Kent Beck, creator of Test-Driven Development and signatory of the Agile Manifesto, publishes a thought-provoking LinkedIn post criticizing the "Vibe Coding" phenomenon: the practice of relying primarily on intuition and AI-generated code, without systematic testing discipline. His intervention, which carries considerable weight given his foundational contributions to software engineering, triggers a broad debate across the industry on the balance between AI assistance and engineering rigor.
Central argument: vibes are not enough
Beck's thesis: "if it feels right, ship it" is a fundamentally flawed approach, whether the code is human-written or AI-generated. Software correctness requires systematic validation: tests providing objective proof that the code works, regression prevention, executable specifications documenting expected behavior, and design feedback that surfaces complexity issues early. Intuition has value, but it does not replace rigorous verification.
TDD's relevance in the AI era
To those who consider TDD obsolete in the face of AI code generation, Beck responds: AI amplifies the consequences of undisciplined development. Coding faster without tests means accumulating technical debt faster; AI-generated code still contains bugs to catch; tests help refine prompts; TDD discipline prevents accepting plausible but incorrect AI output. TDD complements AI rather than being superseded by it.
A nuanced critique
Beck distinguishes: prototyping (vibe coding acceptable for throwaway experiments), production code (tests non-negotiable), personal projects (individual choice), and team or enterprise code (professional responsibility demands discipline). This is not a condemnation of AI assistance: the critique targets the abandonment of verification, not the use of tools.
AI as an amplifier
Key idea: AI amplifies existing tendencies. Disciplined engineers accelerate the red-green-refactor cycle with AI; undisciplined engineers produce buggy code faster. AI does not eliminate the need for discipline, it intensifies its consequences.

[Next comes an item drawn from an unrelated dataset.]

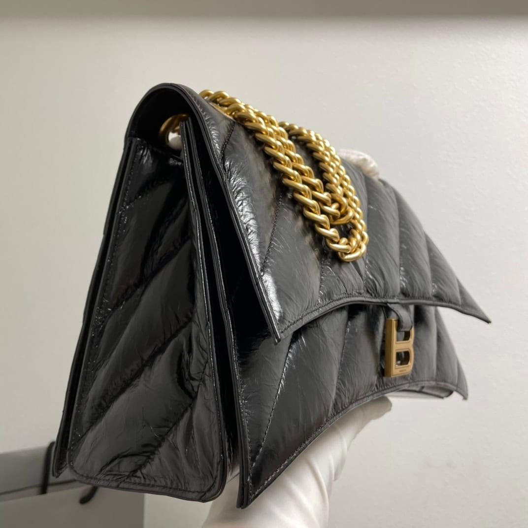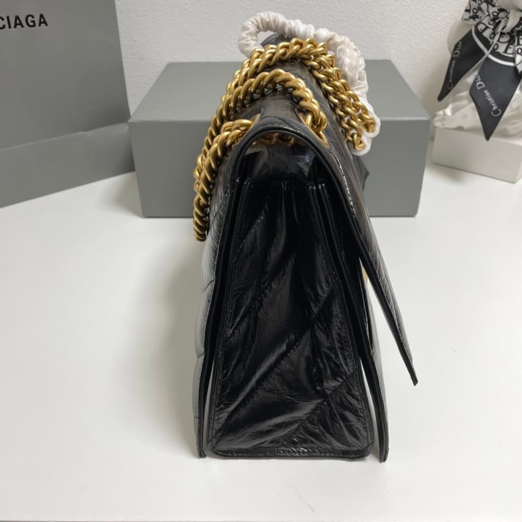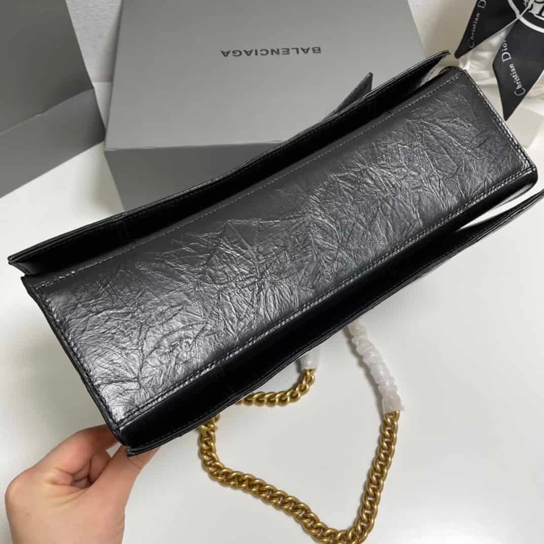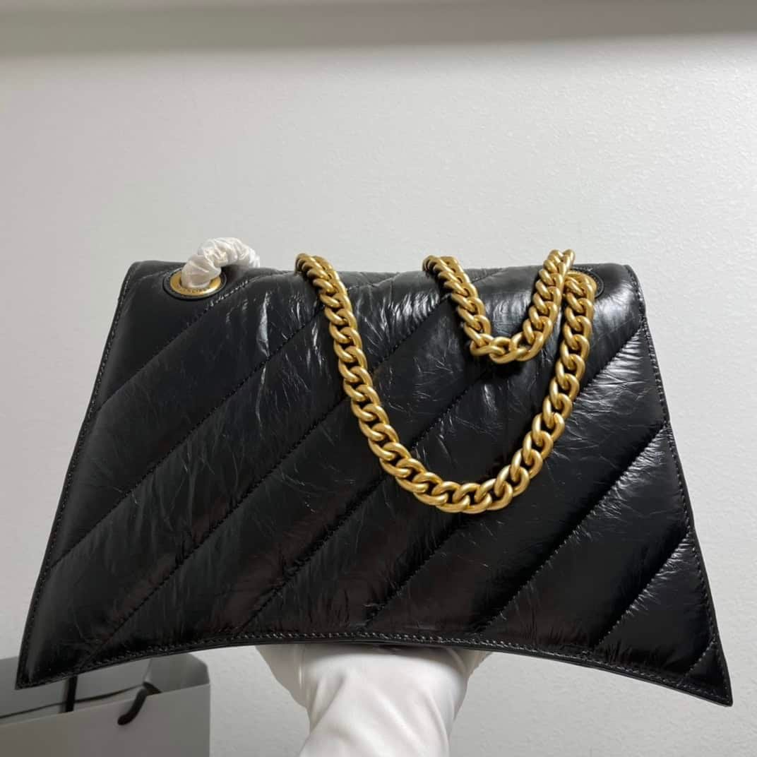 Balenciaga’s new cool black and gold Crush chain bag medium size 31cm Original imported calfskin pleats with handmade embroidery thread Actual photos of customer-ordered inspections are now on sale

Reactions and common ground
Reactions split between traditionalists, pragmatists, and AI enthusiasts; counterarguments (TDD too slow, tests generatable by AI, market pressure) deserve consideration without invalidating the principle of verification. Consensus emerges around hybrid approaches: AI for code drafts and tedious test cases, tests validating AI output, rigor modulated by code criticality. Beck frames the issue in terms of professional ethics: AI changes how one codes, not the importance of quality.